INFORMATION SUPPLIED:
Content starts

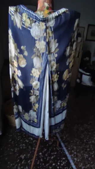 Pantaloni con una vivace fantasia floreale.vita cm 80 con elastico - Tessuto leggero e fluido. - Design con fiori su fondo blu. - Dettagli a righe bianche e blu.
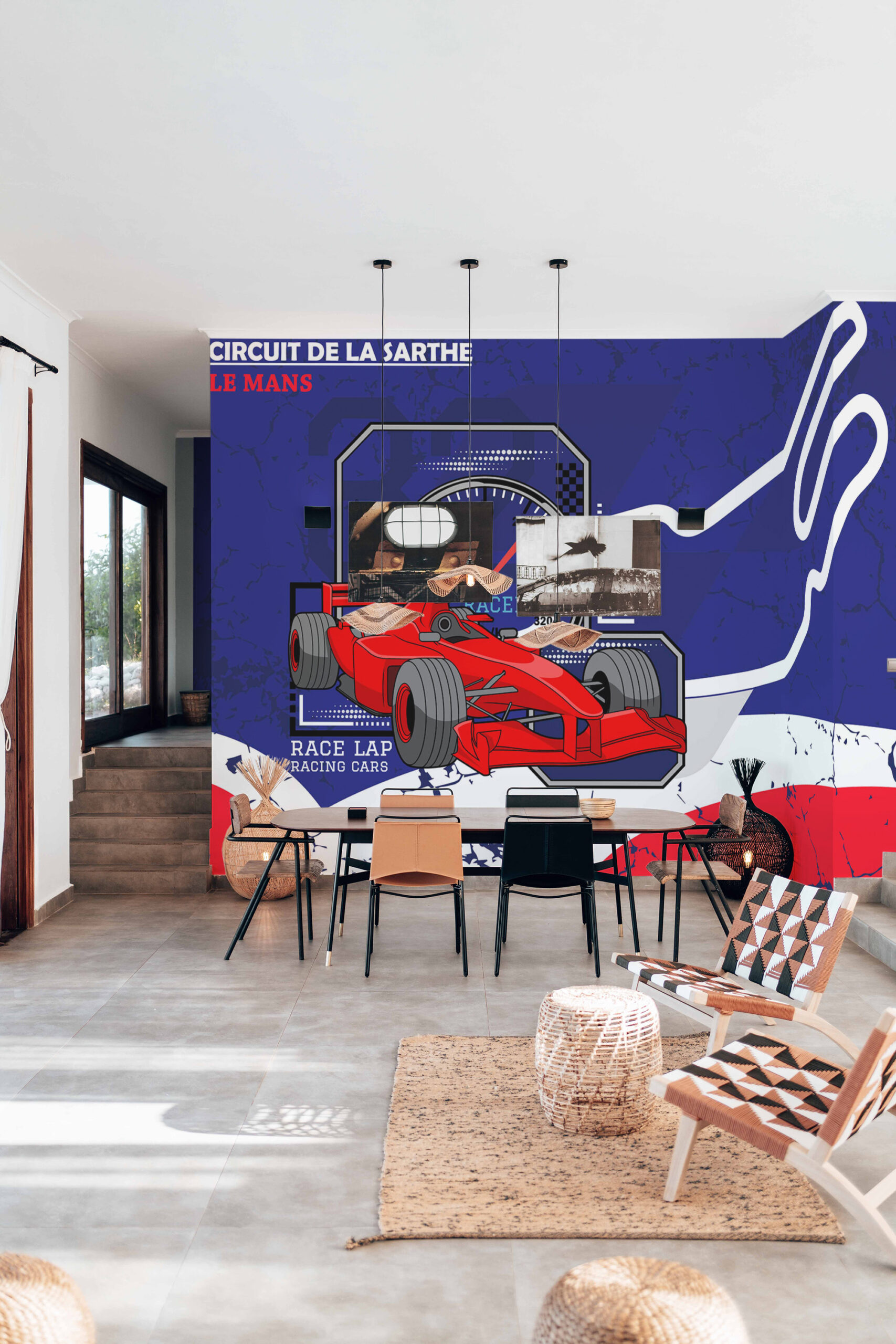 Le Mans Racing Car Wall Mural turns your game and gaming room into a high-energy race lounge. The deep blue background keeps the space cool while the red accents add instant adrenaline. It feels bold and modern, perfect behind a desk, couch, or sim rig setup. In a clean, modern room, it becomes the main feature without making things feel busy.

Content ends
Content starts

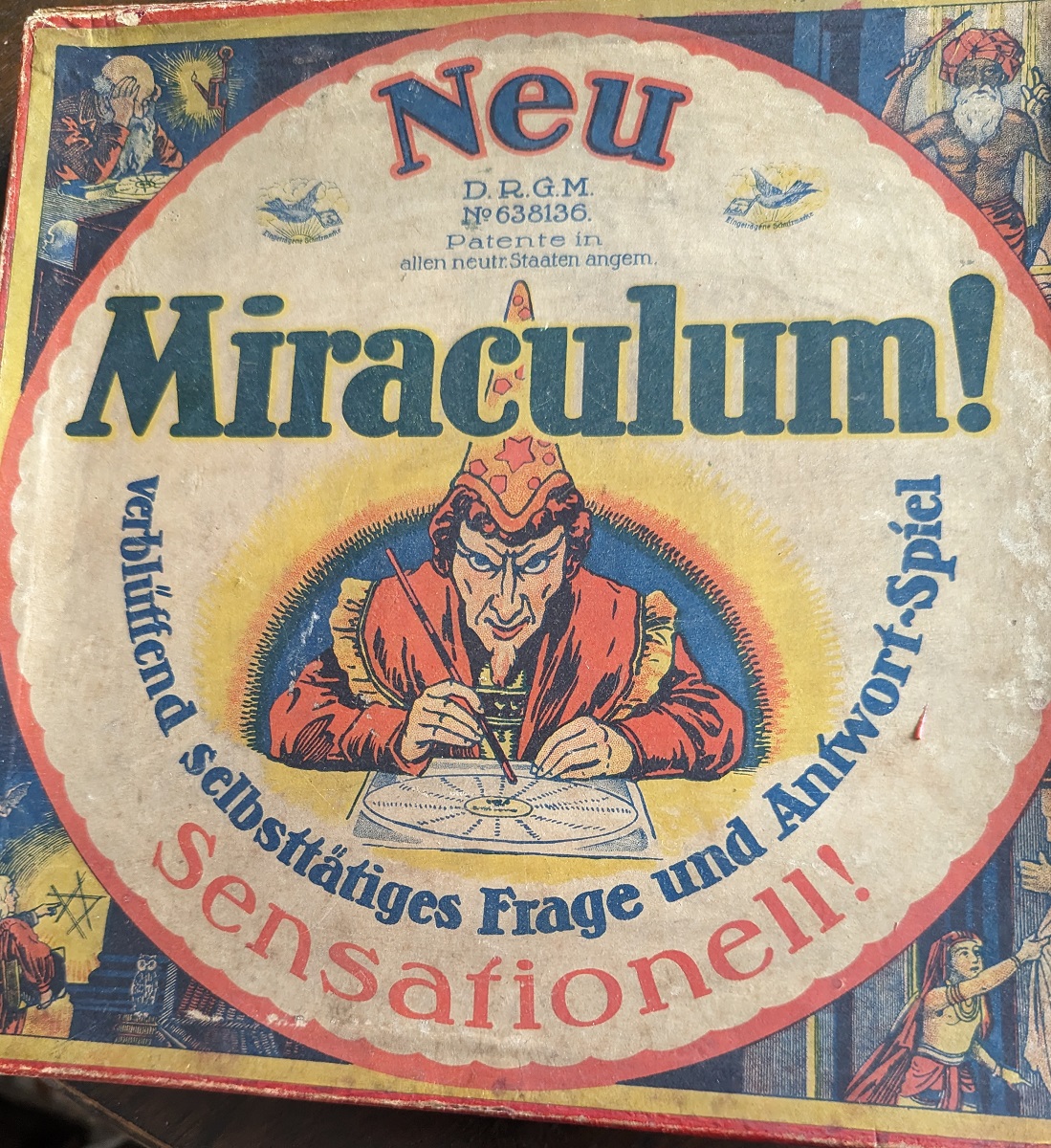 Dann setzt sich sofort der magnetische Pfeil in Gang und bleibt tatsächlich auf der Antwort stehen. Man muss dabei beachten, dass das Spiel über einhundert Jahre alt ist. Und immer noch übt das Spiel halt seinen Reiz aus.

Content ends
Content starts

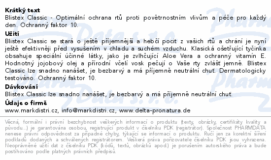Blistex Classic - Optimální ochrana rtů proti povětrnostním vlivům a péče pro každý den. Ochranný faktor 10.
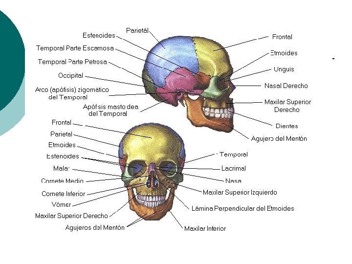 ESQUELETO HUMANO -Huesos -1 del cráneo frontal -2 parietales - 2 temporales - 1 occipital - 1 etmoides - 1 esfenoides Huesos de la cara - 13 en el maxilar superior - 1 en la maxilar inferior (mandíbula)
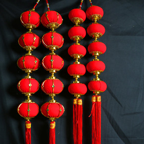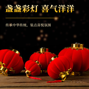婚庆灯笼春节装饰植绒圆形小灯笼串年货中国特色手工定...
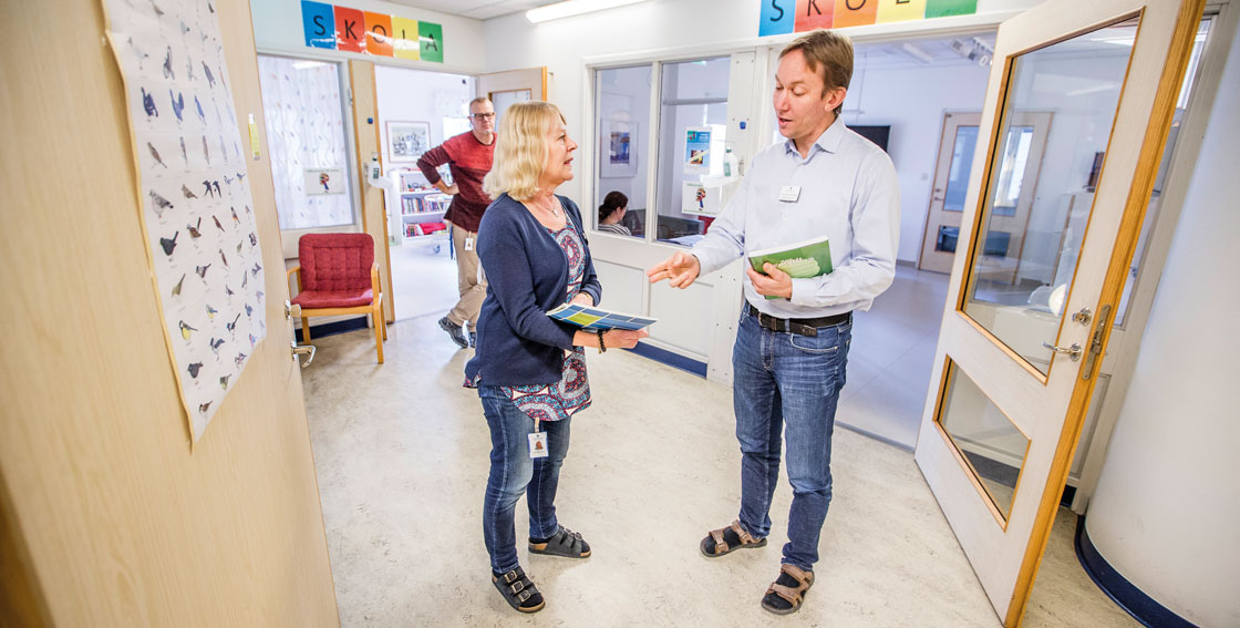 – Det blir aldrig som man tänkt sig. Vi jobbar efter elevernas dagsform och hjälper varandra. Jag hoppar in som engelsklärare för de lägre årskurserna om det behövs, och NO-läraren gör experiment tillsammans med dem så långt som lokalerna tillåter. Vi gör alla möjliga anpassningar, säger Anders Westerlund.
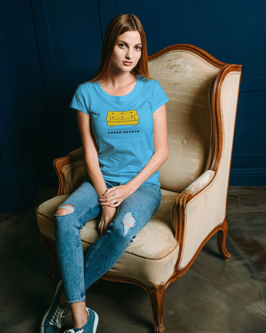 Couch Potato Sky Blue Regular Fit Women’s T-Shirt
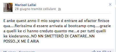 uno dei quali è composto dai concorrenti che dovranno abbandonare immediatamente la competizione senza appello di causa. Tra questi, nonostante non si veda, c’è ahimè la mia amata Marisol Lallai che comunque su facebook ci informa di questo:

Content ends

WHAT YOU ARE ASKED TO DO: In the listing above, find the line with "Pantaloni con una" and the line with "Le Mans Racing". Set down exactly those lines and everything between them, skipping pictures.

RESPONSE BELOW:
 Pantaloni con una vivace fantasia floreale.vita cm 80 con elastico - Tessuto leggero e fluido. - Design con fiori su fondo blu. - Dettagli a righe bianche e blu.
 Le Mans Racing Car Wall Mural turns your game and gaming room into a high-energy race lounge. The deep blue background keeps the space cool while the red accents add instant adrenaline. It feels bold and modern, perfect behind a desk, couch, or sim rig setup. In a clean, modern room, it becomes the main feature without making things feel busy.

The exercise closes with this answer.